_WHAT TO PRODUCE_
Keep every word of the listing and reproduce it exactly, but set aside any image found there.

_DATA EXCERPTS_
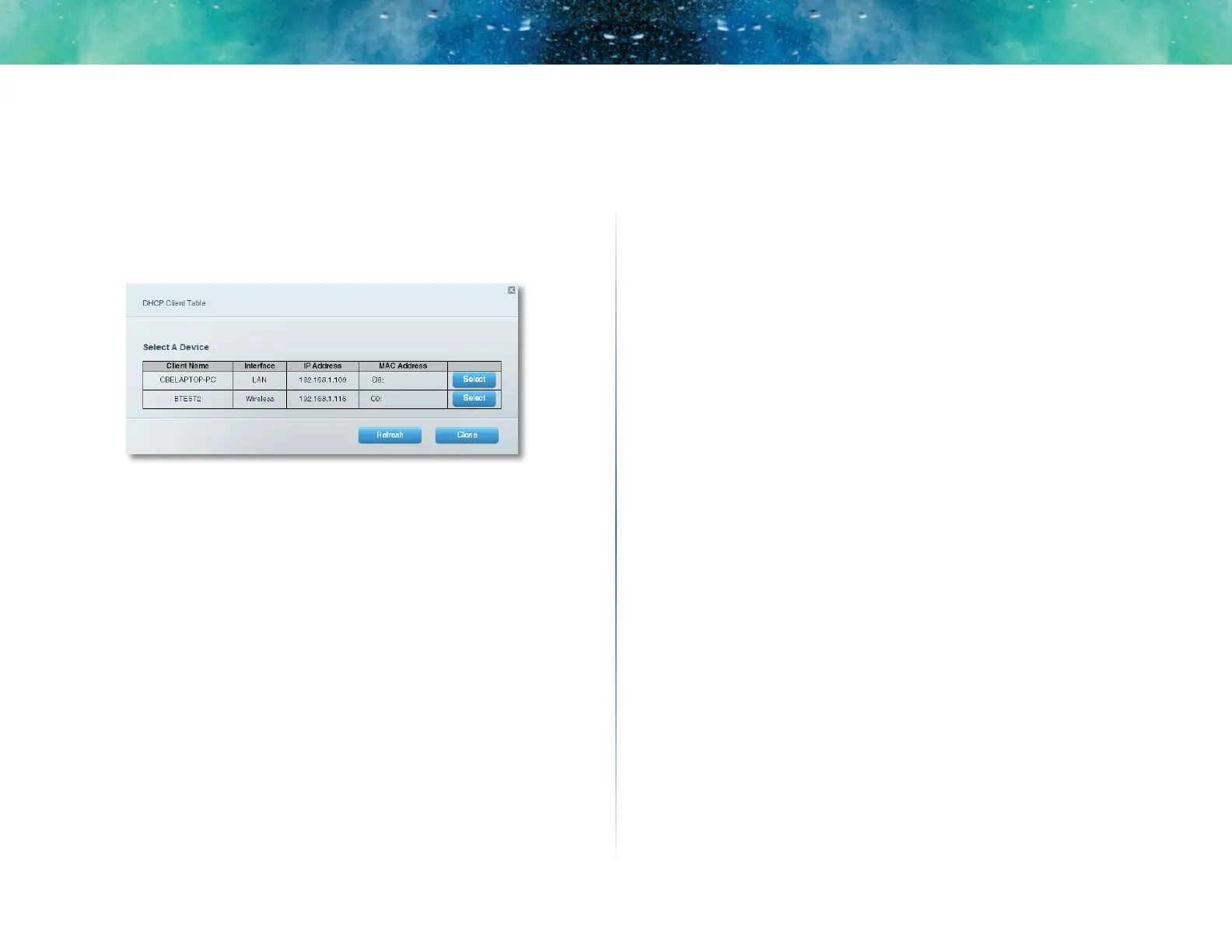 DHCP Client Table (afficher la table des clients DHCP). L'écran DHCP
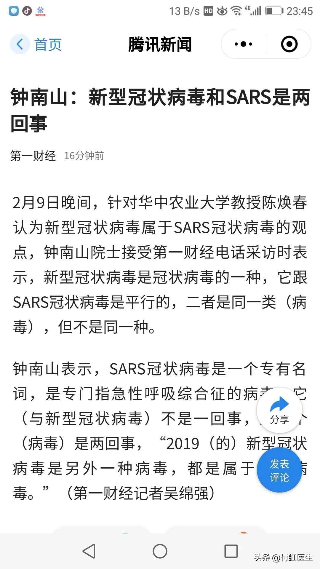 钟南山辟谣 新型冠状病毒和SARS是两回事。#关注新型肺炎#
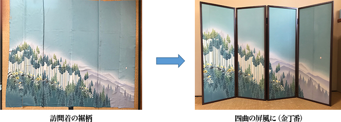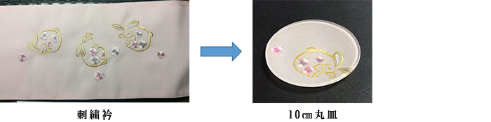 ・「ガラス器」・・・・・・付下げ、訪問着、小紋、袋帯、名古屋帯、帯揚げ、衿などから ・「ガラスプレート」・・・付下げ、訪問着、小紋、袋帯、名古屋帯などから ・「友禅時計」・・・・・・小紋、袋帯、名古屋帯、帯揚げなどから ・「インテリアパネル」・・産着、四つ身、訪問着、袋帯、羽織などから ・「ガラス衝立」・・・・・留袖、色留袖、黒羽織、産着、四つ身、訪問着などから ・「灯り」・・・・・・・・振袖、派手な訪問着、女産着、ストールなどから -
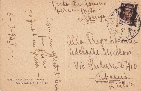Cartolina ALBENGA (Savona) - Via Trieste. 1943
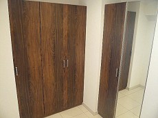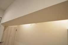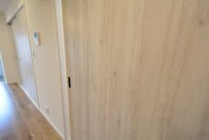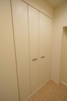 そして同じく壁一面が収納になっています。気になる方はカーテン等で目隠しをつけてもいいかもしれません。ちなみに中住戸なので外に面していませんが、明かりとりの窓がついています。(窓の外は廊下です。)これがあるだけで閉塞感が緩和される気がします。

_COMPLETED TASK_
 DHCP Client Table (afficher la table des clients DHCP). L'écran DHCP
 钟南山辟谣 新型冠状病毒和SARS是两回事。#关注新型肺炎#
 ・「ガラス器」・・・・・・付下げ、訪問着、小紋、袋帯、名古屋帯、帯揚げ、衿などから ・「ガラスプレート」・・・付下げ、訪問着、小紋、袋帯、名古屋帯などから ・「友禅時計」・・・・・・小紋、袋帯、名古屋帯、帯揚げなどから ・「インテリアパネル」・・産着、四つ身、訪問着、袋帯、羽織などから ・「ガラス衝立」・・・・・留袖、色留袖、黒羽織、産着、四つ身、訪問着などから ・「灯り」・・・・・・・・振袖、派手な訪問着、女産着、ストールなどから -
Cartolina ALBENGA (Savona) - Via Trieste. 1943
 そして同じく壁一面が収納になっています。気になる方はカーテン等で目隠しをつけてもいいかもしれません。ちなみに中住戸なので外に面していませんが、明かりとりの窓がついています。(窓の外は廊下です。)これがあるだけで閉塞感が緩和される気がします。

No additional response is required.